Carlos Falchi: A Life In Hand-Made Leather & Exotic Skins

Editorial TeamEditorial Team
March 30th, 2015
9:00 AM

Brazilian leather goods designer Carlos Falchi passed away suddenly last week due to illness. Rising to fame for his patchwork leathers and exotics skins, Falchi’s hand-made items will live on without their founder, proving he was a true accessories icon to America’s most leather-savvy women.

Carlos Falchi literally reinvented the exotic skin and its use in leather goods. His luxurious patchwork designs were deemed unusual and unique for their initial time, the Seventies – sporting python, alligator or ostrich in collage-type fabric - often hand-painted.

Born in Brazil, Falchi migrated to the US as a young man. His fashion roots began in making hand-stitched leather clothing for musicians, a niche he picked up by charming the likes of Patti Smith, Miles Davis, and Mick Jagger at trendy New York bars in the Seventies. But it was a meeting with retail boss Geraldine Stutz at Henri Bendel that changed Falchi’s design course. While presenting his ready-to-wear collection to the retailer, Stutz advised Falchi to focus on handbags alone. And he listened.

Falchi’s bags went on to be carried by Saks Fifth Avenue, Bloomingdale’s and Henri Bendel. They continued to please the stars too, riding on the arm of Jacqueline Kennedy Onassis, Sharon Stone and Tina Turner. More recent Falchi fans, meanwhile, were Cate Blanchett, Mary J. Blige and Tina Fey.

The Eighties was the power decade for the Brazilian, when he created his most memorable item yet – the buffalo satchel. Coined “the most copied bag in the industry” by WWD at the time, Falchi’s aesthetic had been notably swept up by envious competitors and copycats. As none could perfect the bag like he, the satchel remained a Carlos Falchi manufacturing secret, and his biggest asset.

“I’ve developed a unique method of cutting the skins to emphasize their beauty and maximize their usability,” Falchi said, when describing the bag in 2012.

Moving forward to 2015, the Carlos Falchi appeal is unrelenting and unspecified.

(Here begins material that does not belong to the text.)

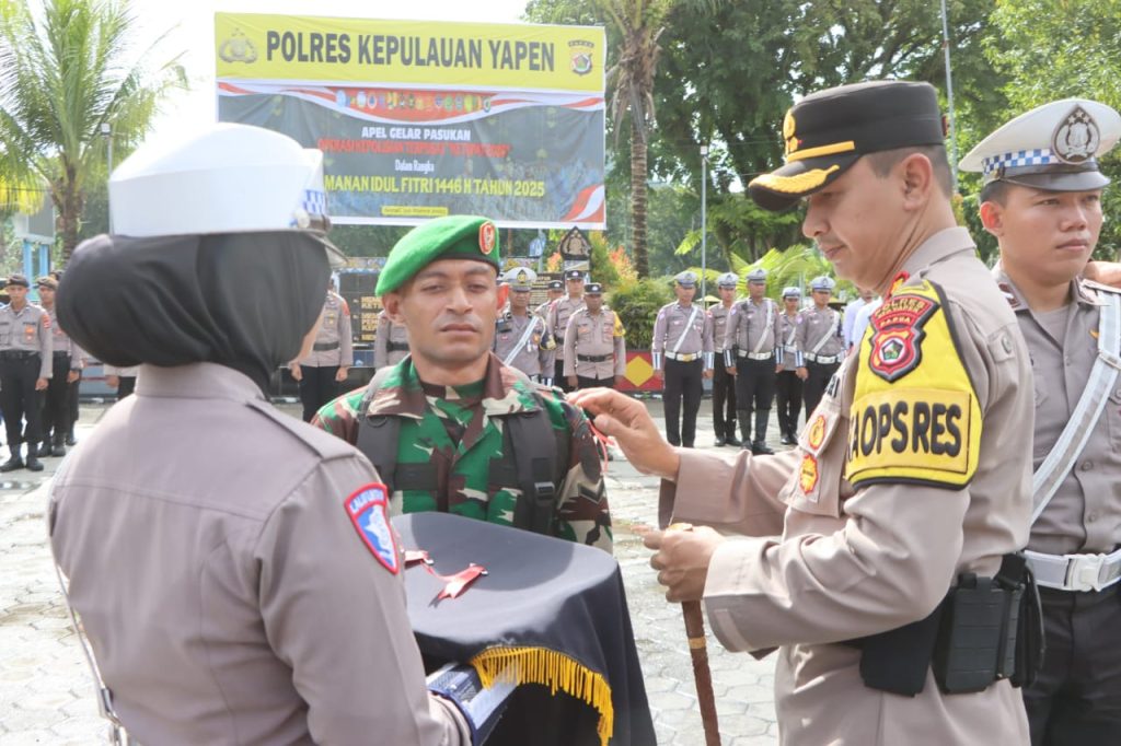 Serui – Dalam rangka mendukung pelaksanaan Pengamanan Hari Raya Idul Fitri 1446 H/2025 M diwilayah teritorialnya, Komandan Kodim 1709/Yawa Letkol Inf Baskoro Wijaya Atmanto, SE, bersama 1 SST (Satuan setingkat peleton) personelnya, mengikuti Apel Gelar Pasukan Operasi Ketupat Cartenz Pengamanan Idul Fitri Tahun 2025, yang berlokasi dilapangan Polres Yapen, Distrik Yapen Selatan, Kabupaten Kepulauan Yapen, Kamis (20/03/2025).

Sleek and structured or soft and slouchy, the clutches and handbags - all hand-painted by Falchi - transcend age and sub-cultures.

Urban rockers are drawn to the raised, rough edges of his alligator skin; while sophisticated socialites seek the smooth touch of ostrich skin and its map-like contours and shapes. And Americana bohemians pine for his fringed hobo bag.

Other key Falchi traits are a fetish for bold color, played down by the bags themselves, which are timelessly manufactured right out of New York.

A longtime member of the CFDA, the designer was - until his death - an avid supporter of Made in New York. Even after his financial struggles in the Nineties, which lead to a closure in 1997, Falchi held onto his New York manufacturing point-of-difference. In 2009, Falchi Holdings acquired the Carlos Falchi brand, reviving it again. Falchi was brought on as chief designer and creative director. Without giving in to the lure of cheap, off-shore manufacturing, Falchi had achieved his dream: to stay NY-made and be financially supported so he could go on designing as he wished.

Established, Falchi was a financial support to many young designers in the past five years and participated as a mentor for winners of the Independent Handbag Designer Awards, for a number of seasons.

The Falchi business was unique too, in that was largely a family affair with wife, Missy and daughter, Kate both designing bags by hand in New York with their husband, and father.

Back in 2008, Purseblog visited the Carlos Falchi atelier and remarked on the close bond between the trio and the thought expressed in their designs: “Falchi works with his wife and raves about his daughters, one who is working with him now. His true love and devotion to his handbags is not only evident in the designs, but shows through after speaking with him for just a few minutes."

Inspired by Falchi's innovation with textiles and passion for leather and skins, it is Kate who will now steer the Carlos Falchi brand beyond 2015, now that her father is gone.

Carlos Falchi died Friday night at Duke University Hospital in Durham, N.C., following a short illness. He was 70 years old.